Our continuation proposal seeks to further elucidate how variations in antibody internal structure translate into measurable changes in solution properties, and how these changes can be treated through an appropriate coarse-graining strategy. We will use MD simulations, also complemented with machine learning approaches, starting from four distinct antibody structures for which we have extensive experimental data available. These structures differ fundamentally: while two exhibit a large overall positive charge and a relatively homogeneous charge distribution, the other two feature well-defined oppositely charged patches that give rise to additional attractive contributions to the protein-protein interactions. The available experimental data demonstrate the enormous impact of the different structures on the relevant solution properties, e.g. on the relative viscosity and the occurrence of liquid-liquid phase separation at high concentrations.

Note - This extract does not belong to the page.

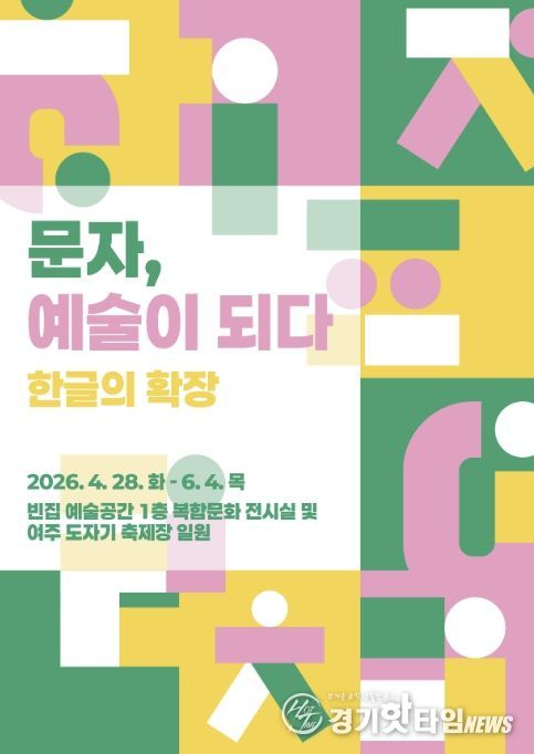 [경기핫타임뉴스=김형철 기자] 여주세종문화관광재단은 오는 4월 28일부터 6월 4일까지 빈집 예술공간 1층에서 기획전시 《문자, 예술이 되다 - 한글의 확장》를 개최한다고 밝혔다.

The core part of our research will systematically explore the effects of structural modifications on solution behavior by examining variations in i) internal charge distribution, ii) spatial localization of attractive patches, iii) overall antibody charge, and iv) short-range van der Waals and hydrophobic interactions. We will generate different coarse-grained models with different structural features and run MD simulations of multiple antibodies that explicitly include Coulomb electrostatic interactions and salt ions at different antibody concentrations, preserving the anisotropic antibody architecture. From these we will calculate the structure factors and dynamical properties such as the viscosity. The simulation-generated data will also form extensive datasets that we will utilize to train neural networks. These ML models will then pinpoint the structural characteristics that most accurately reproduce experimentally observed solution behaviors for the antibodies under investigation. The use of ML applied to coarse-grained models constitutes a significant methodological advancement over current techniques, which typically focus on atomistic-level investigations of individual antibodies.
In parallel, our investigation will also provide insight on how structural variations influence the effective interaction potential (potential of mean force, PMF) between antibodies, which is directly linked to experimentally measurable parameters such as the second virial coefficient B2 or the diffusion parameter kD.